Optimizing Neuromodulation Montage Setup to Enhance the Efficacy of Upper Limb Motor Recovery

Hao Meng*

Department of Physical Medicine and Rehabilitation, University of Texas Health Science Center at Houston, USA

*Corresponding author:Hao Meng, University of Texas Health Science Center at Houston, Houston, TX, 77030, USA

Submission: June 18, 2024; Published: July 02, 2024

DOI: 10.31031/EPMR.2024.05.000601

ISSN 2637-7934
Volume5 Issue1

Abstract

Motor function deficits, such as muscle weakness and poor coordination, are common symptoms resulting from stroke. Neuromodulation interventions, including transcranial electrical stimulation (tES), have been explored for treating these deficits and show promise in addressing upper limb impairments post-stroke. tES uses low-intensity electrical currents to modulate brain activity. Despite its potential, the efficacy of tES is highly influenced by electrode montage placement. Recent studies suggest that the conventionally used 10-20 EEG system for electrode positioning may not be optimal for targeting the M1 hand muscles. Advances in imaging and neuronavigation tools, as well as innovations in electrode technology such as High-Definition (HD) montages, have the potential to improve the precision and effectiveness of tES. These developments highlight the importance of optimizing the montage setup to enhance the efficacy of motor recovery interventions in stroke patients.

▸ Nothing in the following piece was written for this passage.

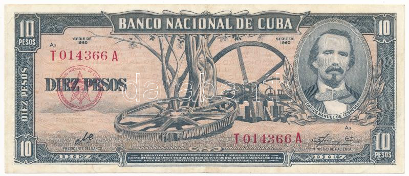 Kuba 1960. 10P a hátoldalra átüt az előoldal nyomata T:F szép papír

Keywords:Neuromodulation; tES; tDCS; tACS; M1; Motor recovery

Introduction

Motor function deficits, such as muscle weakness and poor coordination, are typical symptoms caused by stroke [1,2]. Neuromodulation interventions have been investigated for treating motor deficits caused by stroke and have been shown to have the potential for addressing upper limb impairments post-stroke [3-5]. Transcranial electrical stimulation (tES) is a non-invasive brain stimulation technique that uses low-intensity electrical currents to modulate brain activity [6]. tES has gained significant attention over the past decades. In particular, tES can be further categorized into transcranial direct current stimulation (tDCS) and transcranial alternating current stimulation (tACS) according to distinctive mechanisms [7]. In fact, tDCS depolarizes and hyperpolarizes the potentials of cortical motor neurons, while tACS could target specific brain rhythms and entrain neural networks [8,9]. However, significant heterogeneity in modulation effects across tES studies has been reported [8,10]. Therefore, the purpose of this article is to discuss potential ways to improve the efficacy of tES in motor recovery based on recent findings.

Discussion

One of the key advantages of tES devices is their ability to target specific anatomical regions, allowing for the customization of therapy to meet the individual needs of patients [11]. However, the efficacy of the tES technique can be significantly influenced by electrode montage placement [12,13]. For example, localizing the cortical area that best represents the primary Motor Cortex (M1) hotspot for the upper limb can have a significant impact on the efficacy of tES [14]. In fact, as of 2022, approximately 67% of tES-related papers utilized the 10-20 EEG system for electrode placement when targeting the M1 upper limbs [15]. However, this conventionally used method may not represent the optimal location for M1 hand muscles. Given the extensive research in neuromodulation for motor function improvement, accurately localizing the optimal M1 hotspot site for tES neuromodulation holds significant practical value. In fact, an early study has pointed out that through the 10–20 EEG system (C3/C4) for positioning tDCS electrodes, future work could benefit from the use of subjectspecific computational models based on anatomical MRI [16]. Kim et al. [17] compared the anatomical hand knob area (determined by navigated-TMS) and hand motor hotspot (single-pulse TMS) and found that the stimulation applied at the hotspot more effectively modulates the cortical excitability. Recently, another study examined the Motor Evoked Potentials (MEPs) after tDCS was applied at the M1 hotspot and the C3/C4 site. The results showed that the M1 hotspot produced higher MEP amplitudes than the C3/ C4 site after modulation [15]. Similar findings were also reported in a tACS study. Silva et al. [18] reported that the C3h/C4h and C1/ C2 sites were more accurate than the C3 and C4 sites in locating the M1 hand muscles. Their study provided evidence that applying tACS at the hotspot and C3 sites modulates the corticospinal tract differently. Therefore, the findings from these newly emerged studies suggest that the conventionally used site for M1 modulation can be further improved with more sophisticated imaging or neuro navigation tools.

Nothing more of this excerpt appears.